Kaspersky full scan returned no threats.

It did that before but when SageTV got going it started deleting files and registry entries.

I am just trying malware bytes which apparently has found 45 threats two minutes into the scan oh 438 threats now

I'll try your suggestion for added peace of mind.

Thanks Michael

[trallyus]

Bitdefender did the same thing with sagetvclientsetup_9.0.4.232_rc1.000.exe
with virus name : Trojan.genericKD.3812987 and I marked it up as a false positive as it only marked it that way after a few updates to the virus signatures and I had the same thing happen with a game I installed as well from gog showing a false virus warning and only got it cleared up after I sent them the exe file to examine and they looked at it and cleared the file as good :P

[michaeldjcox]

Malware bytes just seems to stop so many files in...

Guess I'll try ADWCleaner

[SomeWhatLost]

I would suggest not installing malware on you sage server in the future...
it just never ends well...

[michaeldjcox]

FYI

http://www.nirsoft.net/utils/usb_devices_view.html

I downloaded the USBReview tool from the above website and then scanned with Kaspersky.

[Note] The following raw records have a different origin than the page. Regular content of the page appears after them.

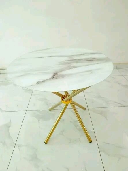 Table basse ronde élégante avec plateau en marbre ou verre et base en métal, design moderne pour salon
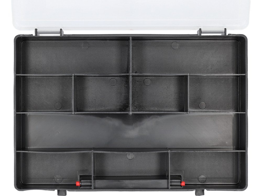 30x22 cm-es szervező műanyag fogantyúval. Kisebb tárgyak, pl. kisebb kötőelemek, pótalkatrészek és szerszámok tárolására szolgál. Kényelmes hordozófogantyúval. Hasznos otthonra, garázsba, műhelybe stb.
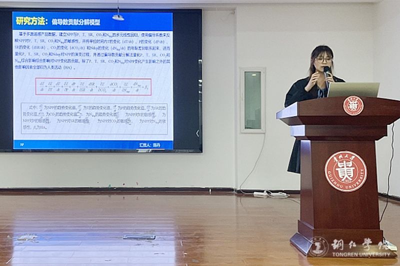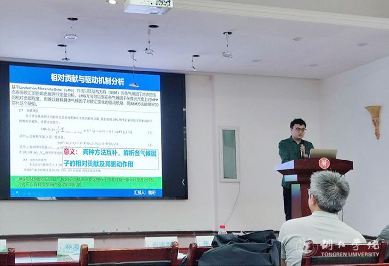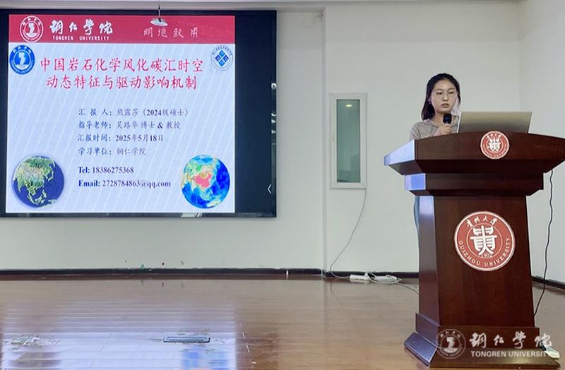 会上,魏珩、陈丹、熊露莎同学于分论坛作学术报告。魏珩同学以《气候变化下全球农田生态系统碳源汇演变特征》为题,基于多源遥感数据与模型模拟,揭示了全球农田碳汇对气候变化的响应特征,为农业碳中和策略优化提供了科学依据;陈丹同学在《气候变化主导中国植被碳汇增长而非人类活动》报告中,通过长序列遥感数据分析,提出气候变化对植被碳汇的驱动效应显著高于人为干预的结论,为生态政策制定提供了新视角;熊露莎同学聚焦地质碳汇前沿领域,在《中国岩石化学风化碳汇时空动态特征与驱动影响机制》报告中,揭示了中国岩石化学风化碳汇的量级规模、时空分布格局及气候变化因子对其贡献率。
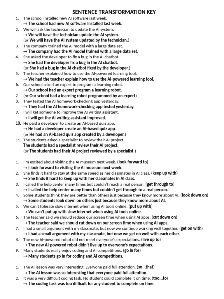 Sentence Transformation Key | PDF | Artificial Intelligence ...
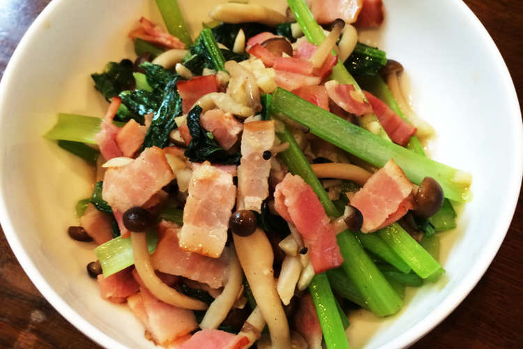 小松菜としめじとベーコンのガーリック炒め レシピ 作り方 By Mayu Kko クックパッド

It said was it was clean but while running it popped up a dialog saying the PC was shutting down in 1 minute.

The troubles then began - so steer clear of nirsoft

[nyplayer]

If you can best to format and start with a clean Install and keep just the wiz.bin file.

[EnterNoEscape]

Quote:

Originally Posted by nyplayer

If you can best to format and start with a clean Install and keep just the wiz.bin file.

+1

As soon as I knew I had a malware/virus situation, I would have done exactly this. It's not worth the hours of scanning and uncertainty of if you really got everything.

[MattHelm]

Quote:

Originally Posted by michaeldjcox

FYI

http://www.nirsoft.net/utils/usb_devices_view.html

I downloaded the USBReview tool from the above website and then scanned with Kaspersky.

It said was it was clean but while running it popped up a dialog saying the PC was shutting down in 1 minute.

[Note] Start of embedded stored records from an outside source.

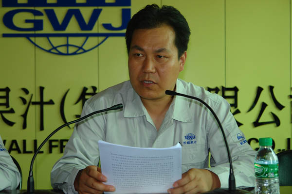 会上,公司总经理王小宏代表公司班子作了《2009年度工作总结暨2010年生产经营工作计划》的工作报告。从七个方面全面回顾和总结了公司2009年经营工作取得的成效,客观指出了公司当前经营工作存在的问题和困难,认真分析了公司当前所面临的经济形势。围绕公司2010年生产经营目标,树立五个方面的生产经营指导思想: 第一、实现一个目标:即年度生产经营目标; 第二、推进两个强化:集团化体制机制建设,企业文化建设; 第三、抓好三个市场:抓好北美及国外高端市场,抓好国内果汁及果汁饮料市场,抓好原料收购市场。 第四、提高三种能力:提高对行业变化规律的分析能力,提高抵御市场风险的防范能力,提高完成各项工作的执行能力; 第五、落实三项管理:产品质量安全管理,班组生产现场管理,项目研究及建设管理。 在2010年的工作安排中,重点从销售、原料采购、资金管理、生产任务分解、项目支持、外协加工、费用控制、效益测算、专项工作、干部队伍建设和党建、企业文化建设等十一个方面,提出了具体要求和措施,系统部署了2010榨季生产经营工作重点。
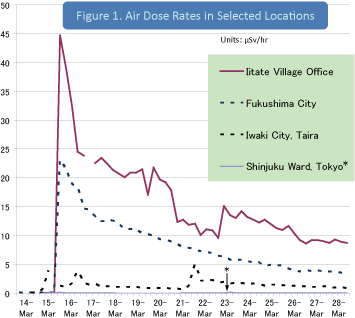 Each prefecture has also published air dose rates (see Figure 1). Looking at the figures for Fukushima Prefecture, the peak was 44.7 Sv/hr (microSieverts/hour) in the area of Iitate Village outside the 20 km evacuation zone. Even at Fukushima City, 60 km from the accident site, the dose rate exceeded 20 Sv/hr. In Tokyo, 0.2Sv/hr were detected; too small a value to show in the figure, but several times larger than normal. Since the value would normally be less than 0.1 Sv/hr, this shows that extremely high values were observed in areas downwind from the accident site.
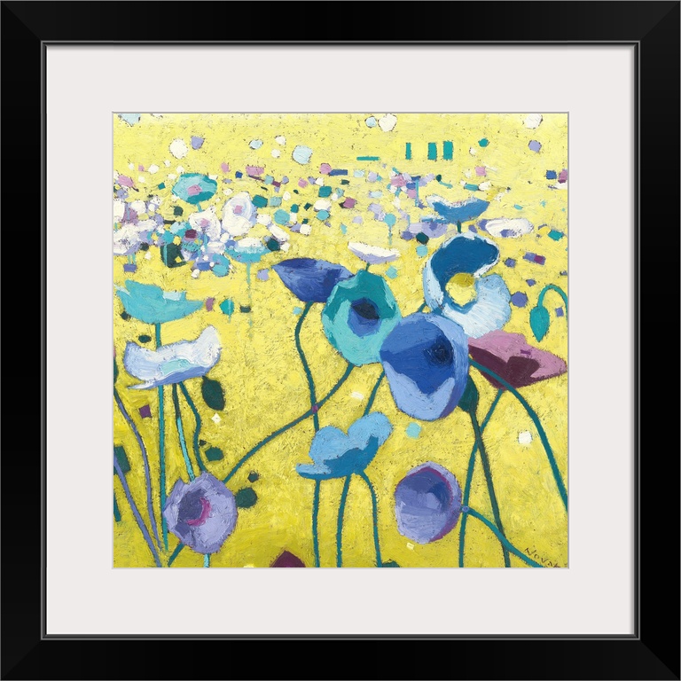 <p>Contemporary artwork of a field of blue poppies with long stems.</p>

The troubles then began - so steer clear of nirsoft

I use his software all the time, never had any issues. I'd trust it before I'd trust 99% of the anti-virus software. Way too may false positives to rely on that bad of code writers.

[michaeldjcox]

Yeah think I'm getting close to that.

I managed to get a malwarebytes scan of my D drive to complete. .

If found two items to quanrantine and then wanted to restart.

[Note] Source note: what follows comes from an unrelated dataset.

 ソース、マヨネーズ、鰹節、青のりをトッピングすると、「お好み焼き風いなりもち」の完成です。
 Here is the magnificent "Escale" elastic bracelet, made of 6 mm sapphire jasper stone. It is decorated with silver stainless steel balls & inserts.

I restarted and suddenly there was a windows update to apply (I turned off windows updating long ago)

Nows it back up and kaspersky came back on again.

It has not deleted anything but now pops up this dialog claiming sage is try to access a remote machine:

66.84.24.196 port 8018

Thats nothing to do with SageTV right?

[dealsdyker]

That site is sageTV (see here)

[michaeldjcox]

Yes you correct.

I think SageTV is a false positive.

None of the warnings kaspersky pops up turn out to be evil.

I must have had an bad update.

Malwarebytes found a few scary looking things during my scan that kaspersky has no problem with.

So hard to know what to trust.

[Taddeusz]

False positives is one of the huge glaring weaknesses of signature based detection.

[Galaxysurfer]

I too had my adventures with this program & KIS 2017 not playing nice so sent an incident to Kaspersky with links to software so hopefully this will be fixed once & for all.


Galaxysurfer

[michaeldjcox]

Having thought about it a bit I seem to remember adding all the sage exes into the trusted apps list years ago.

I reckon an update from kaspersky must have cleared them off the list.

[Galaxysurfer]

Informed Kaspersky of the problem & they came up with a fix. Dont know if issue is solved
since I chose not to use my license at renewal time & moved back to Eset which I know works fine with Sagetv. I like that it is easy to set custom rules for firewall communication between server & clients. So if you out there still want to use Kaspersky product it should work again.